Warum der Launcher eigentlich ein Bindungsprodukt ist
Die Perspektive der Entwickler ist hier wichtig zu verstehen, denn sie rückt den eigentlichen Kern dieses Neuaufbaus in ein neues Licht. GameFromScratch, das die Unreal Engine- und Fab-Marketplace-Entwicklergemeinschaft begleitet, stellte fest, dass Epic offen über die Schwächen des Launchers gesprochen hat – unter Verweis auf ein offenes Interview, in dem Epics eigene Führung einräumte, dass der Store erhebliche Arbeit benötige. Diese Offenheit ist bedeutsam: Entwickler, die über Epic vertreiben, müssen dabei zusehen, wie ihre Spieler mit dem Launcher kämpfen, bevor sie überhaupt das Spiel erreichen. Jede Sekunde unnötiger Ladezeit ist Reibung, die auf den Ruf des Entwicklers fällt – nicht nur auf den von Epic.
Das ist die Kernlektion, die hinter den Leistungszahlen steckt. Eine Plattform ist nicht nur ihr Katalog, ihr Umsatzanteil oder ihre Exklusivdeals.
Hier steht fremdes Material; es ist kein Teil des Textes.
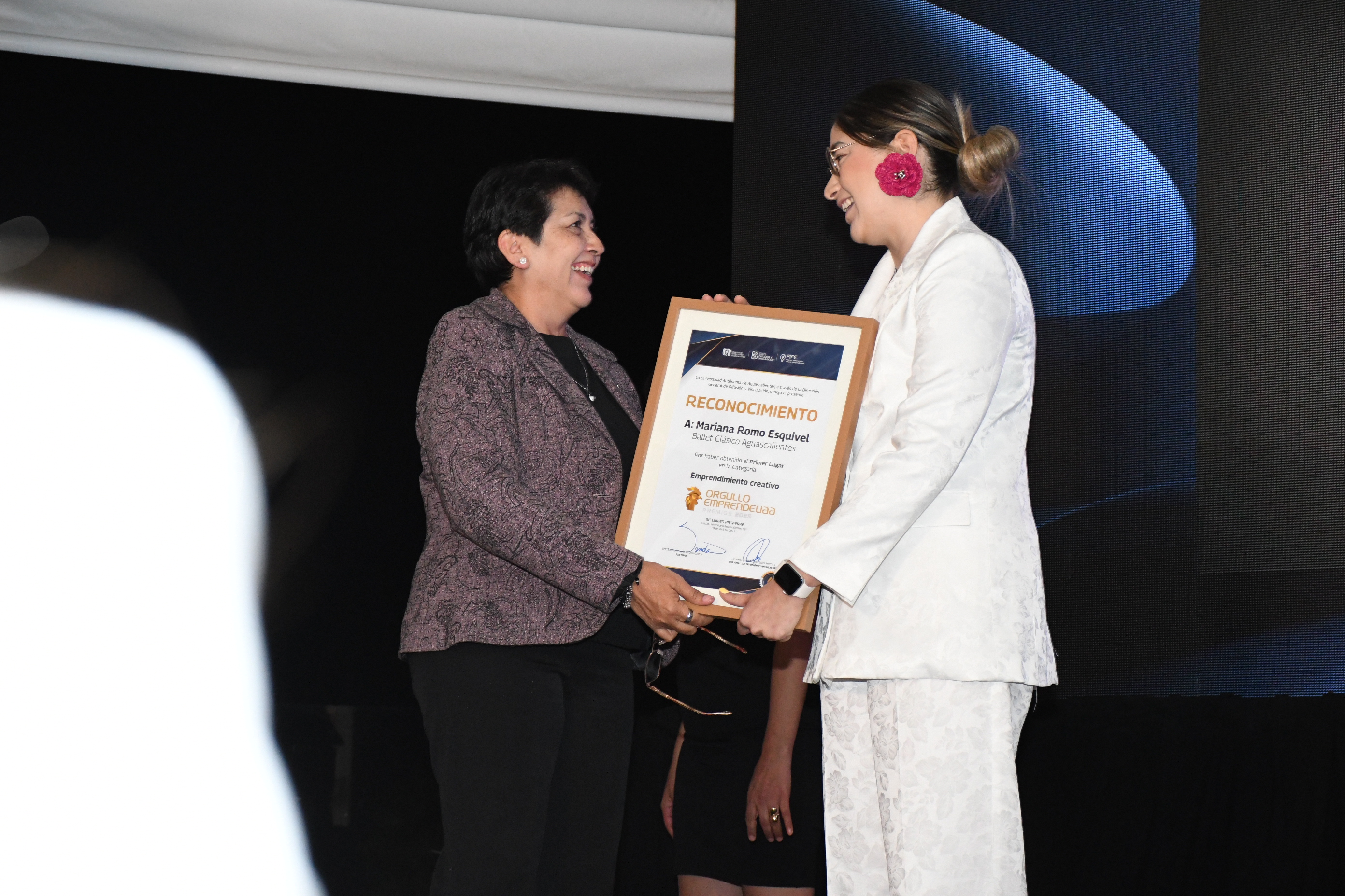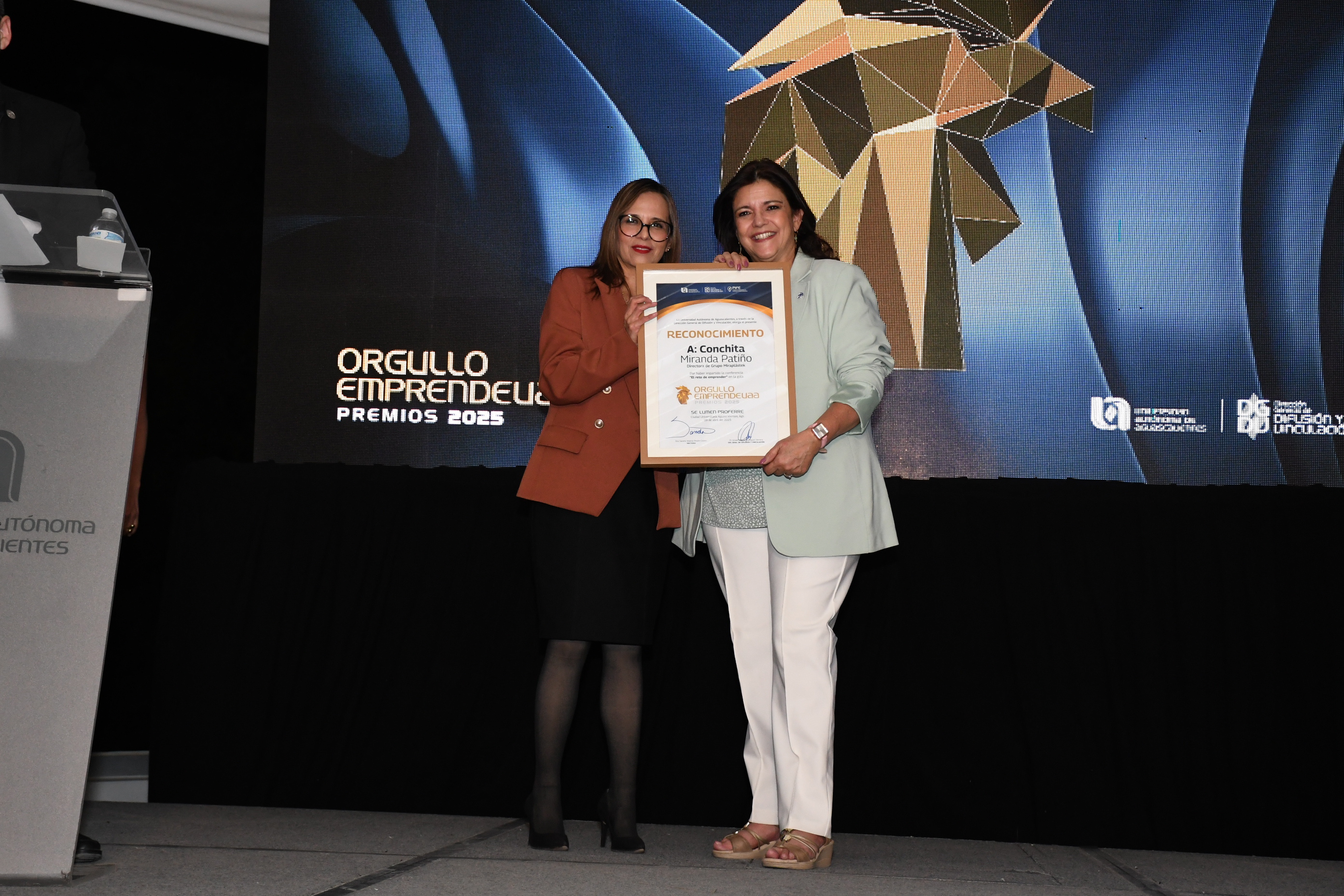 La noche del miércoles 9 de abril se vivió una velada inolvidable con motivo de la Gala de Premiación “Orgullo Emprende UAA”, un evento que reunió a egresados de diversas áreas de la Universidad Autónoma de Aguascalientes, quienes hoy destacan a nivel nacional gracias a sus exitosos emprendimientos. La gala reconoció a cinco finalistas de las carreras del área económico-administrativa, seleccionando al proyecto que ha logrado destacarse por su impacto en comercialización, responsabilidad social y creatividad, a través de técnicas de trabajo innovadoras. El evento dio inicio con la presentación de autoridades universitarias, seguido de una inspiradora conferencia titulada “El reto de emprender”, impartida por la reconocida empresaria y emprendedora Conchita Miranda.

Sie ist jeder Berührungspunkt, den ein Nutzer mit ihr hat – und der Launcher ist jedes einzelne Mal der erste. Epic startete den Epic Games Store Ende 2018 und verbrachte Jahre damit, mit Exklusivtiteln und kostenlosen Spielen zu konkurrieren, wie IGNs Berichterstattung zur Strategie des Stores deutlich macht. Was die V2-Ankündigung signalisiert, ist eine Reifung dieser Strategie: Hör auf, nur damit zu konkurrieren, was du in den Store stellst, und fang an, mit dem Erlebnis des Türöffnens zu konkurrieren.
Was Macher und Lernende daraus mitnehmen sollten
Wenn du Produktdesign, Software-Engineering oder Plattformstrategie studierst, ist das eine Fallstudie, die du dir merken solltest. Die Geschichte des Epic Launchers ist ein klares Beispiel dafür, wie technische Schulden zu Wettbewerbsschulden werden. Jedes Jahr, in dem der langsame Launcher langsam blieb, ließ er Steam schneller wirken – auch wenn Steam nichts Besonderes tat. Wahrnehmung ist eine Produktentscheidung. Geschwindigkeit ist ein Feature. Das Bürgeramt fühlt sich nicht langsam an, weil es besonders inkompetent wäre; es fühlt sich langsam an, weil alles um es herum schneller geworden ist und es sich nicht bewegt hat.
Die konkreten Zahlen, die Epic verspricht – 5-fach beim Start und 6,5-fach bei der Bibliothekswiederherstellung, laut Tom's Hardware und PC Guide – geben dir klare Benchmarks, die du beim Erscheinen der öffentlichen Beta im Blick behalten kannst. Wenn das ausgelieferte Produkt diesen Versprechen entspricht, wird es zu einem realen Beispiel dafür, was gezieltes Performance-Engineering an gereifter Infrastruktur leisten kann. Wenn es dahinter zurückbleibt, ist diese Lücke genauso aufschlussreich – über den Abstand zwischen dem Ehrgeiz einer Roadmap und der ausgelieferten Realität. Beide Ergebnisse sind es wert, studiert zu werden. Beobachte die Beta genau, vergleiche Vorher und Nachher selbst, und frag dich, welche Kompromisse das Team eingegangen ist, um dorthin zu gelangen. Allein diese Frage ist mehr wert als die Schlagzahl.